== Exercise details ==
Nothing is needed except the lines below that run from the one with "Photo below is" through the one with "Photo on the", repeated exactly.

== Stored data ==
================

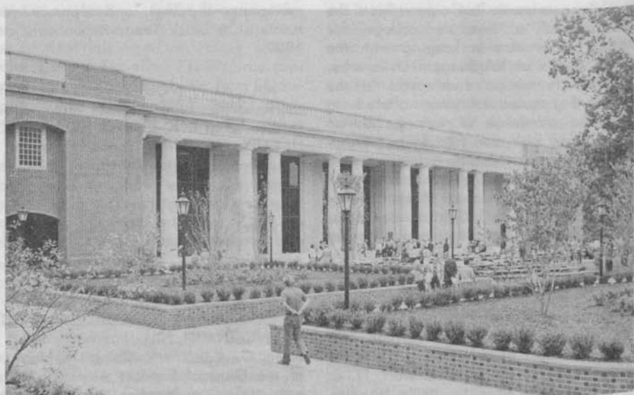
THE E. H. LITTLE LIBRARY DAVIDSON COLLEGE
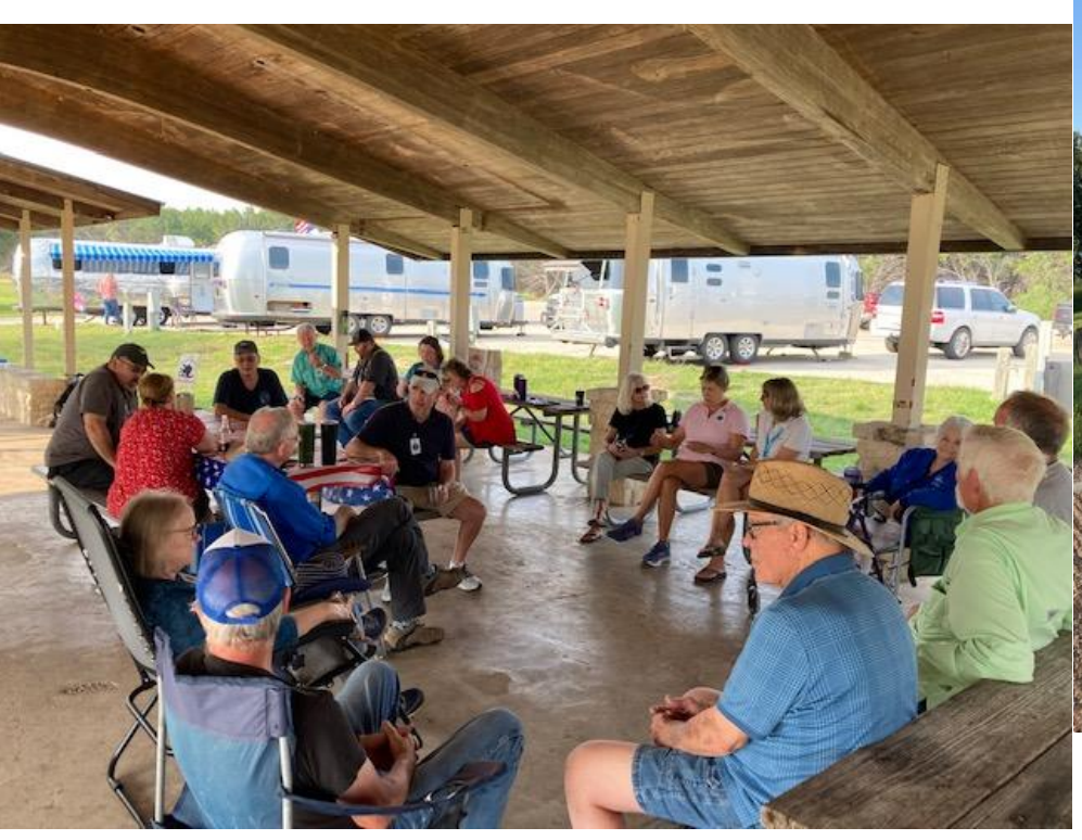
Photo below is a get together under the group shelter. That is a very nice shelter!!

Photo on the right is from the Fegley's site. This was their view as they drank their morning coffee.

================

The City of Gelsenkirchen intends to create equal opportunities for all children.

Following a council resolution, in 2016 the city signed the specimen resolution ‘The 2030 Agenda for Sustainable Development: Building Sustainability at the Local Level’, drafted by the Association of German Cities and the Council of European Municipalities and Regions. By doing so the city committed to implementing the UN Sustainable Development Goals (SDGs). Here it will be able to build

================

== Solution ==
Photo below is a get together under the group shelter. That is a very nice shelter!!

Photo on the right is from the Fegley's site. This was their view as they drank their morning coffee.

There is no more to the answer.